> REQUIRED ACTION:
Could you write out the listing below exactly as it stands, leaving out the pictures?

> DATA SUPPLIED:
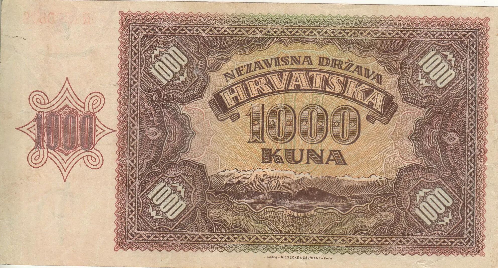 Banknote Croatia 1000 Kuna - Young girl - Mountains - 26-05-1941 - Serial R
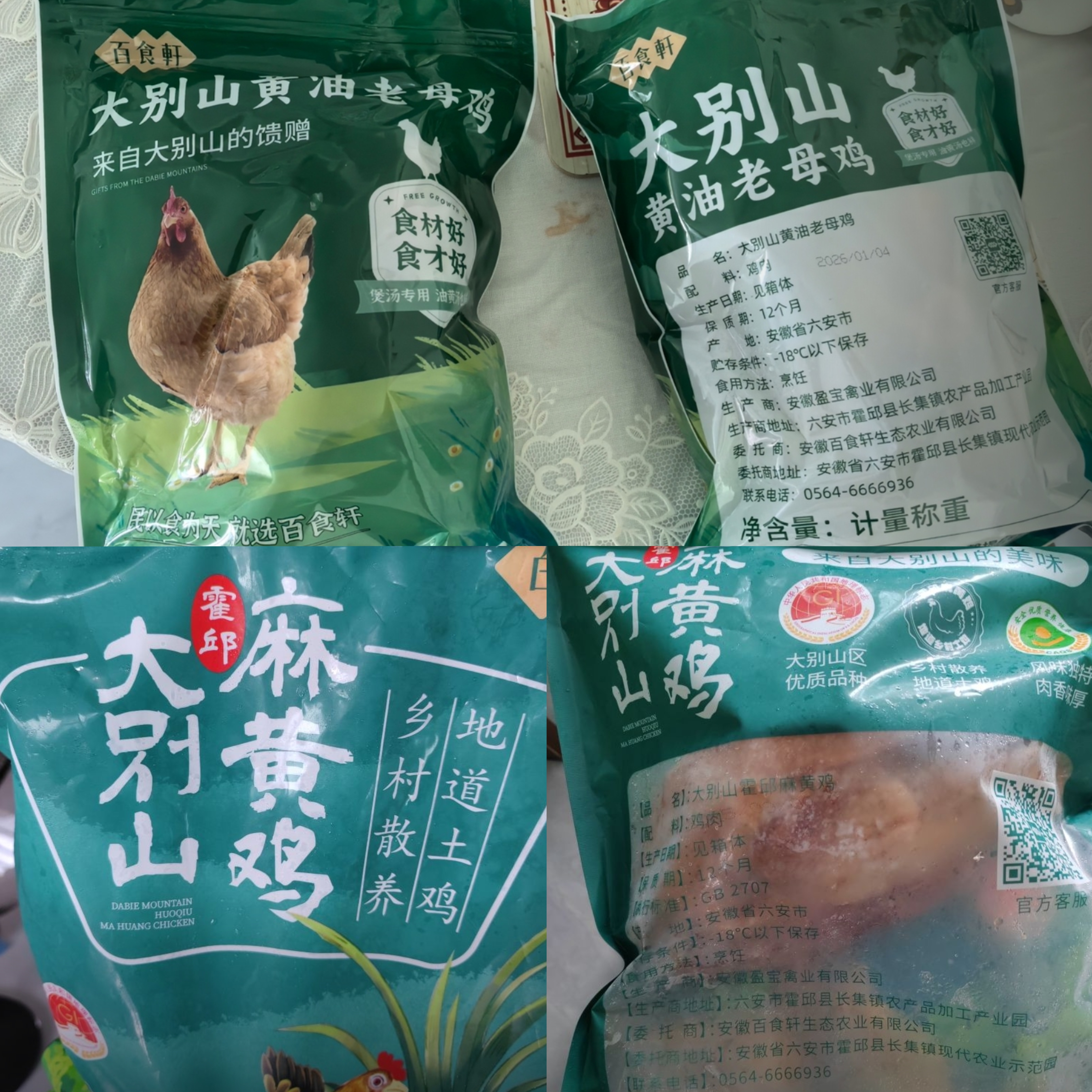 通过评论区消费者反馈的实物图可以看到,两款产品包装并不相同。其中,“大别山麻黄鸡”产品包装的正背面印有“中华人民共和国地理标志”专用标志,包装大字为“大别山麻黄鸡”+“霍邱”红色印章,背面食品标签的品名为“大别山霍邱麻黄鸡”。而“大别山黄油老母鸡”产品包装上没有“中华人民共和国地理标志”专用标志,包装大字和背面食品标签的品名均为“大别山黄油老母鸡”。
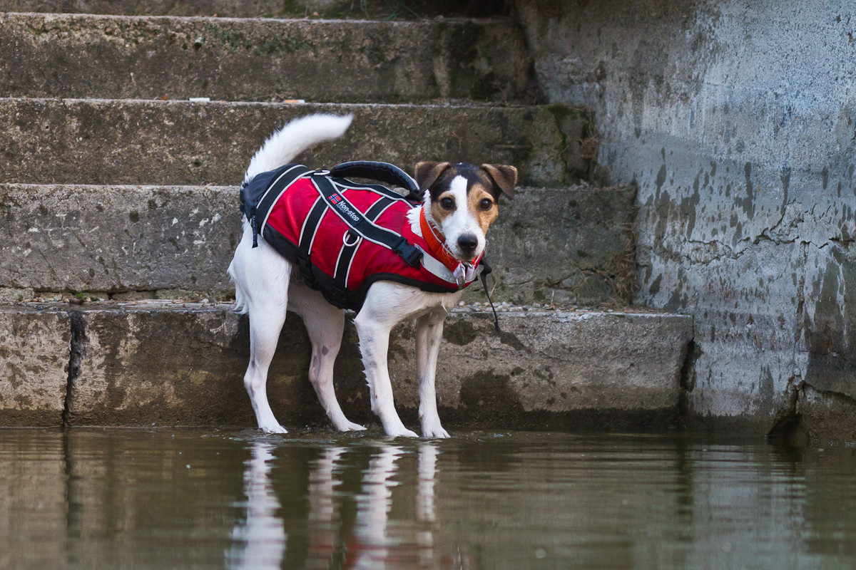 Plovací vesta nemá být až ke kořeni ocasu, stačí, když končí tak 5-10 cm za hrudní páteří. Plovací vesta psa nadnáší, ale současně ho nesmí omezovat v pohybu při plavání.
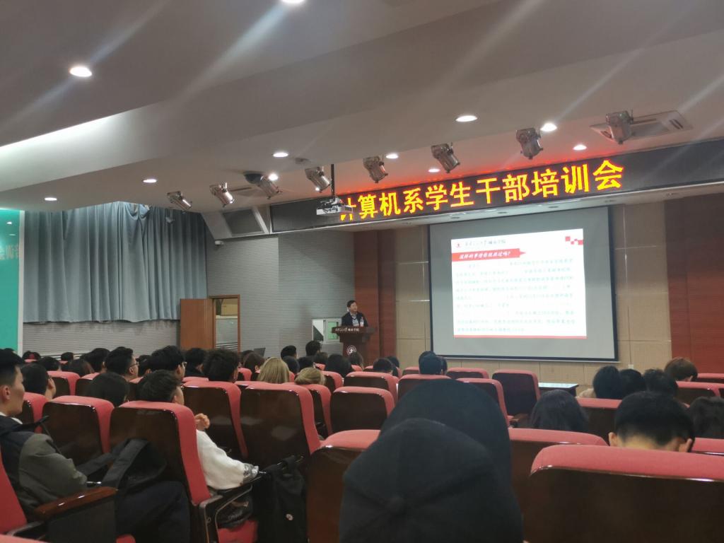 为进一步提高学生干部的工作能力与水平,计算机系于11月10日晚在教学楼F100组织举行计算机系学生干部培训第二讲,学院学生服务中心副主任辛红伟担任主讲人。计算机系学工办全体辅导员与2019级、2020级全体学生干部参加培训会,培训会由计算机系学生工作主管刘敏涛主持。
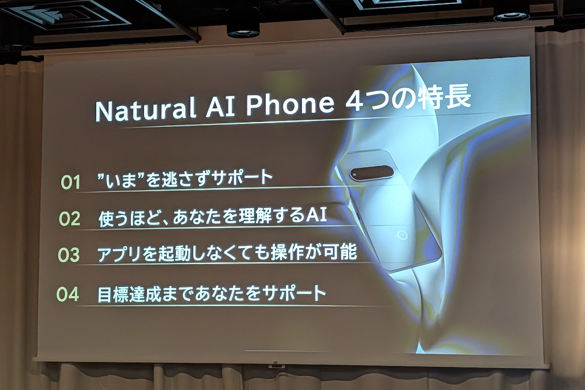 ソフトバンクが4月24日に「Natural AI Phone」というスマートフォンを発売しました。アメリカのBrain Technologiesというスタートアップが開発したAIを搭載するスマホで、チャットの感覚で気になることを素早く調べたり、ユーザーの嗜好を学習して、おすすめの製品を提案してくれたり、それを購入したりできるというもの。
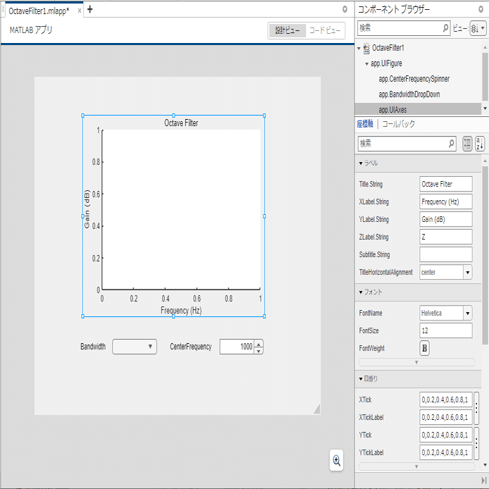 > appdesigner OctaveFilter1と打つか、
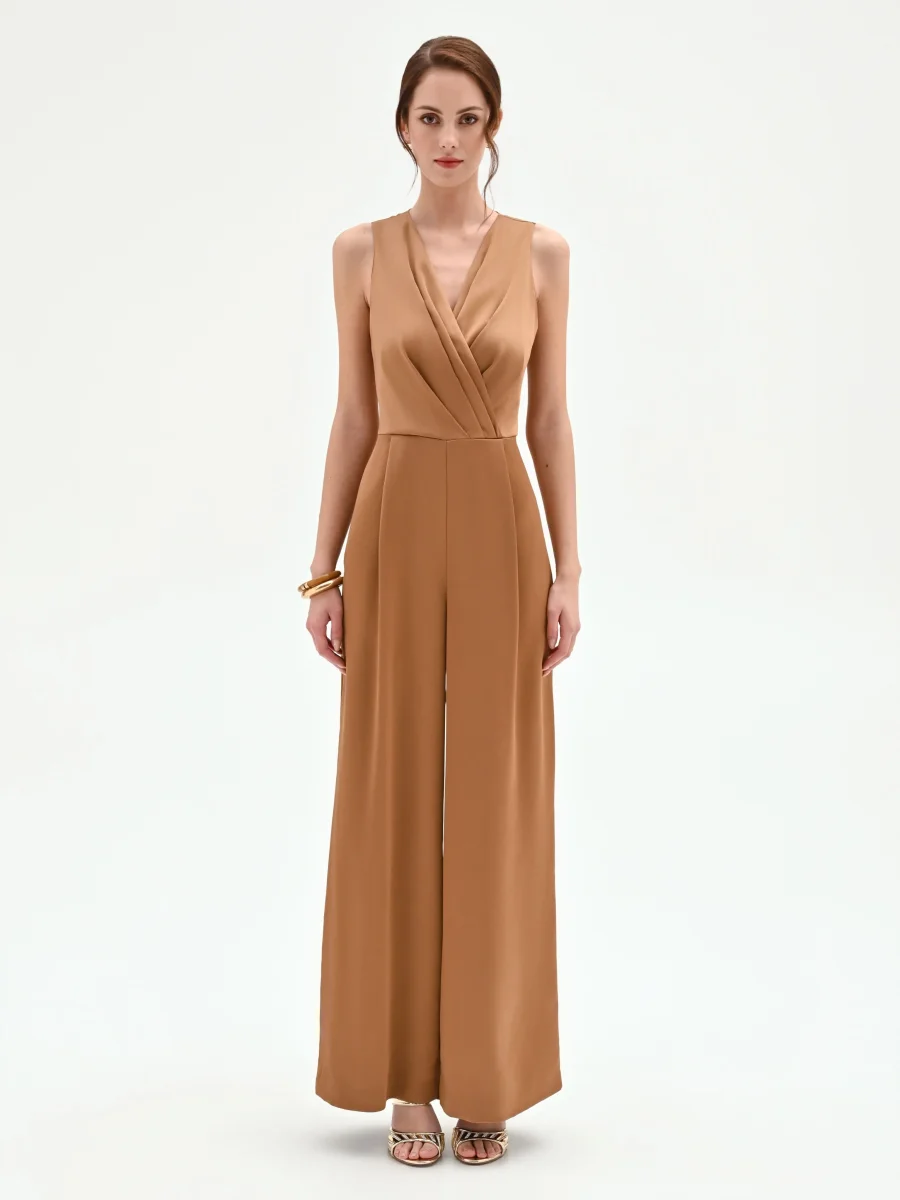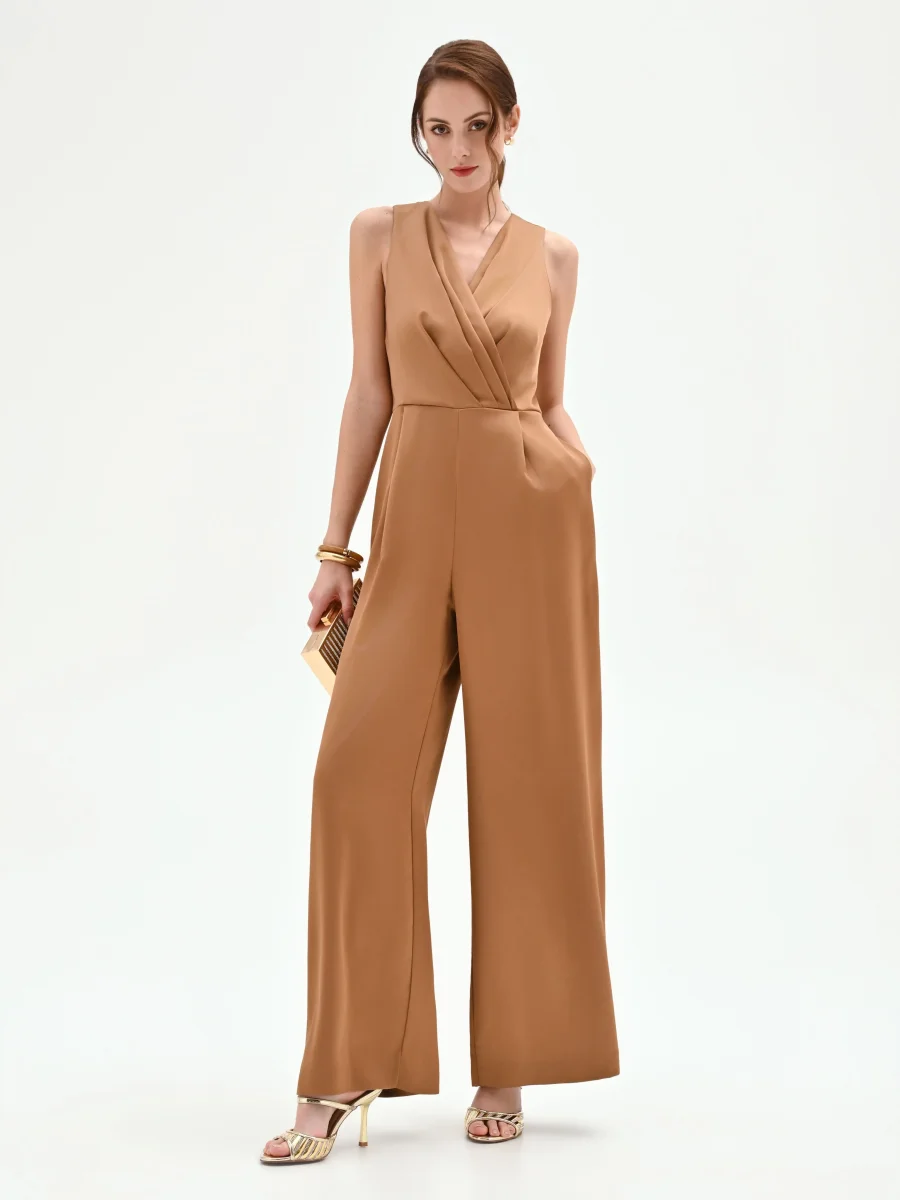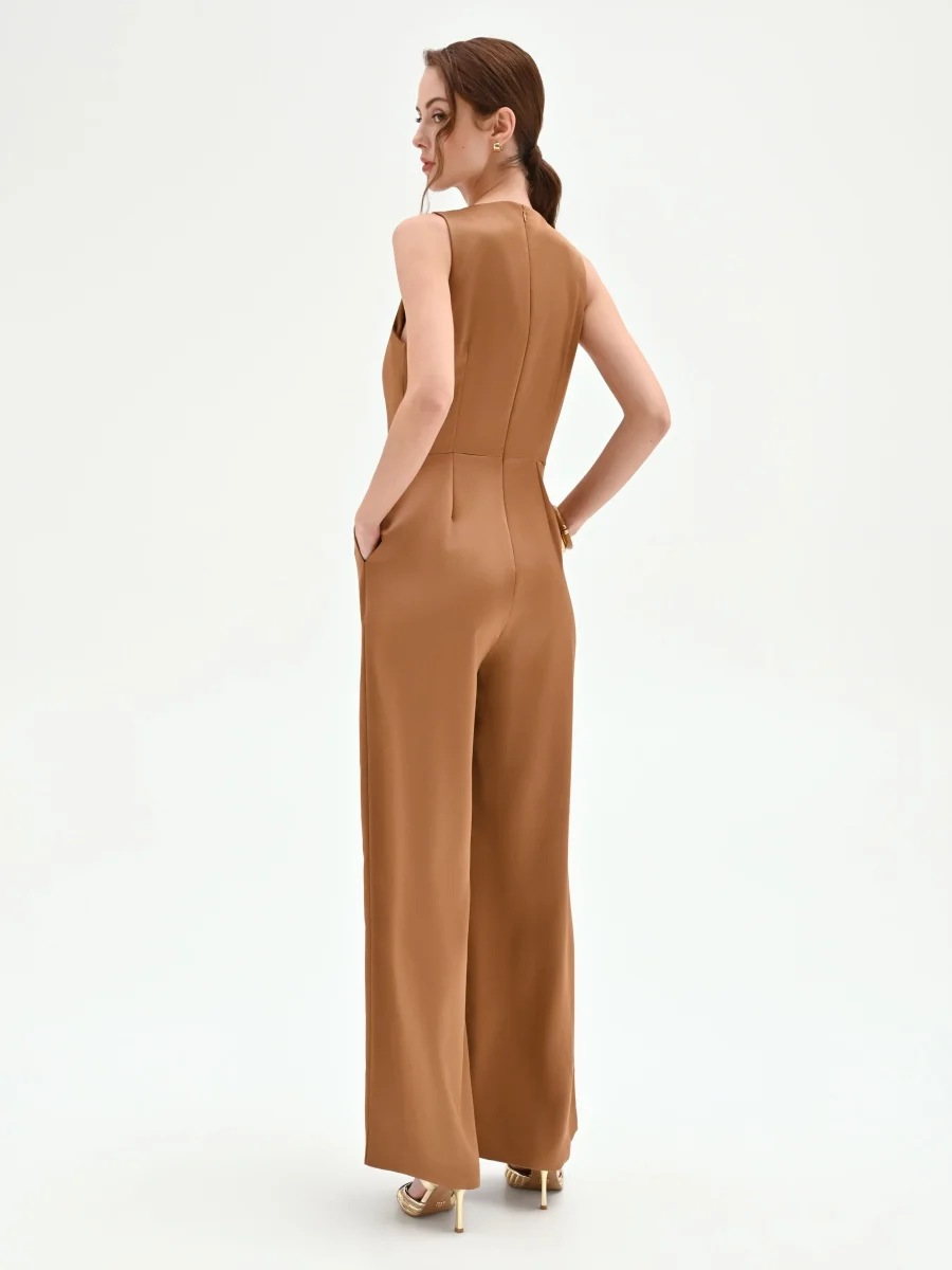 Un’eleganza fluida e contemporanea prende forma nella tuta intera marrone bronzo, un capo pensato per chi desidera distinguersi nelle occasioni speciali con un look sofisticato e di carattere. Realizzata in raso liscio, la sua texture luminosa scivola sulla silhouette, accompagnando ogni movimento con grazia. Il design si concentra sulla parte superiore smanicata, dove uno scollo a V a incrocio è valorizzato da un morbido drappeggio che disegna il décolleté. Il punto vita definito segna il passaggio al pantalone a palazzo, caratterizzato da una linea ampia e dritta che slancia la figura, offrendo un comfort assoluto. La chiusura con zip posteriore mantiene la linea pulita e assicura una vestibilità ottimale. Questa tuta rappresenta una valida alternativa all’abito da cerimonia o da sera, perfetta per un evento primaverile, una cena elegante o un cocktail party. Indossala con accessori bold e un sandalo con tacco per creare un outfit memorabile, capace di esprimere una femminilità moderna e decisa.
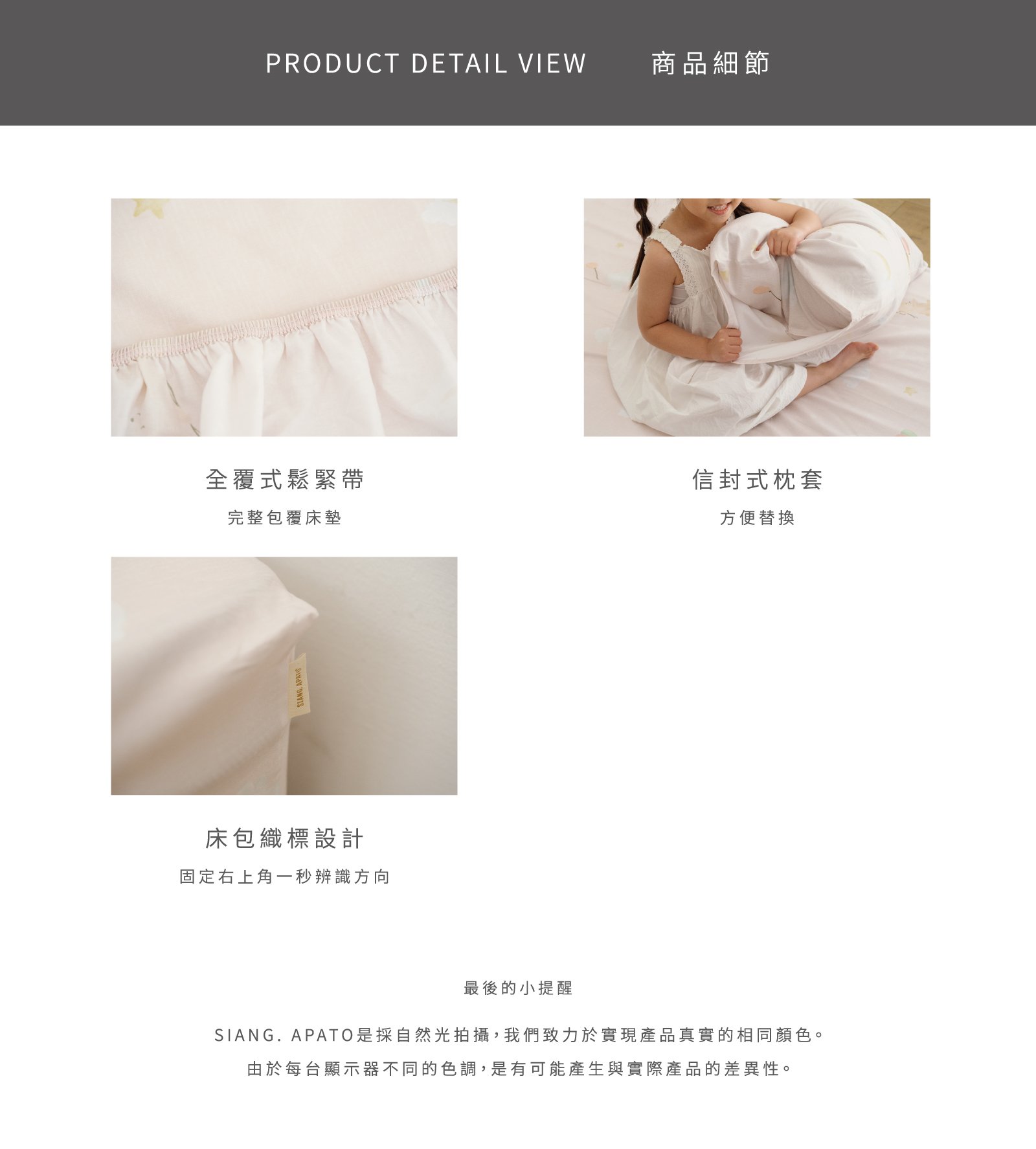 邦妮星球 - 純棉抗菌床包組(床包+枕套) NT$2,760 NT$ 1,380 可國外配送 可國外配送 「跟著邦妮領航員,啟動星球探索之旅!」 ◆ 100% Cotton 40支精梳純棉,透氣柔軟 ◆ Ag+銀離子添加,物理性抗菌除臭 ◆ Made in Taiwan 台灣製造,品質安心 ◆ 本系列僅限單人尺寸(3.5尺) NT$2,760 NT$ 1,380 #精梳棉#床包組#單人床包#兒童 床包尺寸 寬 長 高 公分 床包鋪棉 需要 不需要 被套尺寸 寬 長 公分 被套鋪棉 需要 不需要 價格試算 數量 加入購物車 立即購買 優惠活動 消費滿 990元 即可用優惠價格加購商品 台中購物節合作5倍店家|官網及北屯門市限定! Line詢問 商品細節 尺寸指南 洗滌方式 商品評價(0)
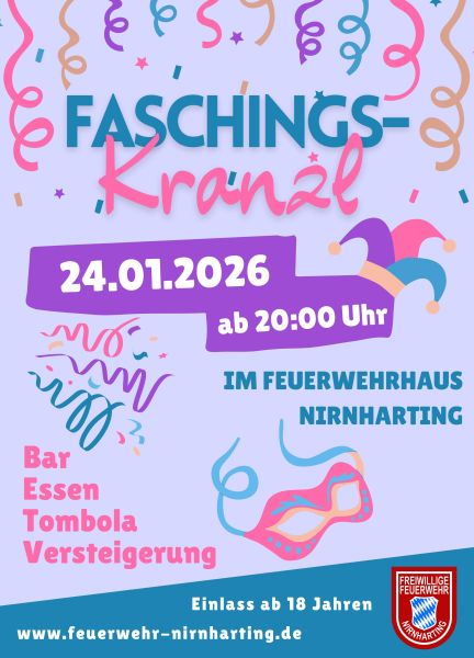 Die Freiwillige Feuerwehr Nirnharting lädt zum Faschingskranzl in der Fahrzeughalle ein. Bei diesem Faschingshighlight gibt es eine Versteigerung und eine Tombola mit tollen Preisen. Für Essen, Getränke und Musik ist bestens gesorgt. Als Höhepunkt des Abends stattet dieser Veranstaltung meist die weithin bekannte Waginger Faschingsmusi einen Besuch ab.

> WRITTEN ANSWER:
 Banknote Croatia 1000 Kuna - Young girl - Mountains - 26-05-1941 - Serial R
 通过评论区消费者反馈的实物图可以看到,两款产品包装并不相同。其中,“大别山麻黄鸡”产品包装的正背面印有“中华人民共和国地理标志”专用标志,包装大字为“大别山麻黄鸡”+“霍邱”红色印章,背面食品标签的品名为“大别山霍邱麻黄鸡”。而“大别山黄油老母鸡”产品包装上没有“中华人民共和国地理标志”专用标志,包装大字和背面食品标签的品名均为“大别山黄油老母鸡”。
 Plovací vesta nemá být až ke kořeni ocasu, stačí, když končí tak 5-10 cm za hrudní páteří. Plovací vesta psa nadnáší, ale současně ho nesmí omezovat v pohybu při plavání.
 为进一步提高学生干部的工作能力与水平,计算机系于11月10日晚在教学楼F100组织举行计算机系学生干部培训第二讲,学院学生服务中心副主任辛红伟担任主讲人。计算机系学工办全体辅导员与2019级、2020级全体学生干部参加培训会,培训会由计算机系学生工作主管刘敏涛主持。
 ソフトバンクが4月24日に「Natural AI Phone」というスマートフォンを発売しました。アメリカのBrain Technologiesというスタートアップが開発したAIを搭載するスマホで、チャットの感覚で気になることを素早く調べたり、ユーザーの嗜好を学習して、おすすめの製品を提案してくれたり、それを購入したりできるというもの。
 > appdesigner OctaveFilter1と打つか、
 Un’eleganza fluida e contemporanea prende forma nella tuta intera marrone bronzo, un capo pensato per chi desidera distinguersi nelle occasioni speciali con un look sofisticato e di carattere. Realizzata in raso liscio, la sua texture luminosa scivola sulla silhouette, accompagnando ogni movimento con grazia. Il design si concentra sulla parte superiore smanicata, dove uno scollo a V a incrocio è valorizzato da un morbido drappeggio che disegna il décolleté. Il punto vita definito segna il passaggio al pantalone a palazzo, caratterizzato da una linea ampia e dritta che slancia la figura, offrendo un comfort assoluto. La chiusura con zip posteriore mantiene la linea pulita e assicura una vestibilità ottimale. Questa tuta rappresenta una valida alternativa all’abito da cerimonia o da sera, perfetta per un evento primaverile, una cena elegante o un cocktail party. Indossala con accessori bold e un sandalo con tacco per creare un outfit memorabile, capace di esprimere una femminilità moderna e decisa.
 邦妮星球 - 純棉抗菌床包組(床包+枕套) NT$2,760 NT$ 1,380 可國外配送 可國外配送 「跟著邦妮領航員,啟動星球探索之旅!」 ◆ 100% Cotton 40支精梳純棉,透氣柔軟 ◆ Ag+銀離子添加,物理性抗菌除臭 ◆ Made in Taiwan 台灣製造,品質安心 ◆ 本系列僅限單人尺寸(3.5尺) NT$2,760 NT$ 1,380 #精梳棉#床包組#單人床包#兒童 床包尺寸 寬 長 高 公分 床包鋪棉 需要 不需要 被套尺寸 寬 長 公分 被套鋪棉 需要 不需要 價格試算 數量 加入購物車 立即購買 優惠活動 消費滿 990元 即可用優惠價格加購商品 台中購物節合作5倍店家|官網及北屯門市限定! Line詢問 商品細節 尺寸指南 洗滌方式 商品評價(0)
 Die Freiwillige Feuerwehr Nirnharting lädt zum Faschingskranzl in der Fahrzeughalle ein. Bei diesem Faschingshighlight gibt es eine Versteigerung und eine Tombola mit tollen Preisen. Für Essen, Getränke und Musik ist bestens gesorgt. Als Höhepunkt des Abends stattet dieser Veranstaltung meist die weithin bekannte Waginger Faschingsmusi einen Besuch ab.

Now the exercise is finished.